> _HOW TO COMPLETE THIS TASK_
From the first line of the data below through the line holding "目の前にて炭火で焼く原始焼きや刺身などの一品を堪能", write out each line exactly as it stands.

> _GIVEN DATA_
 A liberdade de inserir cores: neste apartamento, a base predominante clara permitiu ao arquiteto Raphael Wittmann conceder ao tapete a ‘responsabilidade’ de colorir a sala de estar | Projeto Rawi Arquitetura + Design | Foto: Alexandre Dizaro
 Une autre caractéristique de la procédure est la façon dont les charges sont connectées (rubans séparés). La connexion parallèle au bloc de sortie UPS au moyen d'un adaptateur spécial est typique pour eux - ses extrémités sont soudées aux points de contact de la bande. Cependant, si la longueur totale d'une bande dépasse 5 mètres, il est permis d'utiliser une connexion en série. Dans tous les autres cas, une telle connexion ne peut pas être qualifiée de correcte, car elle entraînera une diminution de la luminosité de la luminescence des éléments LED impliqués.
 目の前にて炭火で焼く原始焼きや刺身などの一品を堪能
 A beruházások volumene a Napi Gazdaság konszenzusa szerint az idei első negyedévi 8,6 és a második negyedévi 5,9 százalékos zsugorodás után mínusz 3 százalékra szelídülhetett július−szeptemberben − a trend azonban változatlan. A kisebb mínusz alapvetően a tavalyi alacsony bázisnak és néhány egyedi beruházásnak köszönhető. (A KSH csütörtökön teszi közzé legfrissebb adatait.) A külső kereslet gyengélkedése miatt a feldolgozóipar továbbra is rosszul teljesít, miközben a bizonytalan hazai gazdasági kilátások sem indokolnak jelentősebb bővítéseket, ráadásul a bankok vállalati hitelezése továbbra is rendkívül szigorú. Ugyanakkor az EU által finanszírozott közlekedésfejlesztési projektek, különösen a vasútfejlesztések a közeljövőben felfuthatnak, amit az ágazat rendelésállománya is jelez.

> _ANSWER SECTION_
 A liberdade de inserir cores: neste apartamento, a base predominante clara permitiu ao arquiteto Raphael Wittmann conceder ao tapete a ‘responsabilidade’ de colorir a sala de estar | Projeto Rawi Arquitetura + Design | Foto: Alexandre Dizaro
 Une autre caractéristique de la procédure est la façon dont les charges sont connectées (rubans séparés). La connexion parallèle au bloc de sortie UPS au moyen d'un adaptateur spécial est typique pour eux - ses extrémités sont soudées aux points de contact de la bande. Cependant, si la longueur totale d'une bande dépasse 5 mètres, il est permis d'utiliser une connexion en série. Dans tous les autres cas, une telle connexion ne peut pas être qualifiée de correcte, car elle entraînera une diminution de la luminosité de la luminescence des éléments LED impliqués.
 目の前にて炭火で焼く原始焼きや刺身などの一品を堪能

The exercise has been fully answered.